For Whom Do the Polls Toll? The Silenced Majority

<i> Carol Tavris is a social psychologist and writer in Los Angeles. </i>

As a social scientist who was trained in survey research, I’m mad as hell at polls--all polls, the scientific ones and the unscientific ones, though for different reasons. The country has gone completely around the bend on this. It’s as if we can’t make a decision about a candidate, a policy or even a movie unless we feel that we share the majority view. “Safety in numbers,” we cry, as the numbers drown us.

Consider the growing popularity of that pseudo-poll, the volunteer call-in vote. Even the otherwise sophisticated Michael Jackson, of radio show fame, invited his listeners to call the station and vote on who had “won” the vice-presidential debate. “This isn’t a scientifically accurate poll,” he said coyly (to which the only appropriate reaction is, then why do it? ), but “it does reflect a cross-section of the population.” This disclaimer is irrelevant; it implies that the results are meaningful when they are not. A bunch of volunteer callers doesn’t represent anyone but themselves, no matter how varied their place on the spectrum. Strange though it may seem to the statistically uninitiated, the responses of a randomly selected sample of 1,000 people can tell you what 140 million people believe; a sample of 10,000 people who have volunteered their opinions tells you only what those 10,000 believe.

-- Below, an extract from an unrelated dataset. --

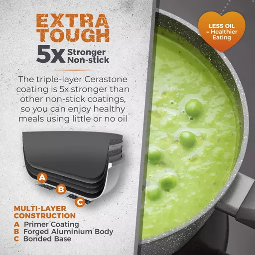 | Forged aluminium body for enhanced durability | Superior Cerastone coated non-stick interior |

Of course, radio and TV encourage audience participation because it is entertaining--and it doesn’t hurt the ratings. Well, what’s wrong with that? Isn’t it all just a game?

No, it isn’t.


A friend of mine once went into a decline when he heard on local TV news that “70% of all Americans think Oliver North is a hero.” Actually, 70% of all Americans think Oliver North is a liar and a crook. My friend had missed the show’s disclaimer that it was reporting the results of its “unscientific poll”; he had been deceived by all the Oliver North fans who had called in droves to praise their pet. Of course, that was their goal--creating the impression that theirs was the majority view.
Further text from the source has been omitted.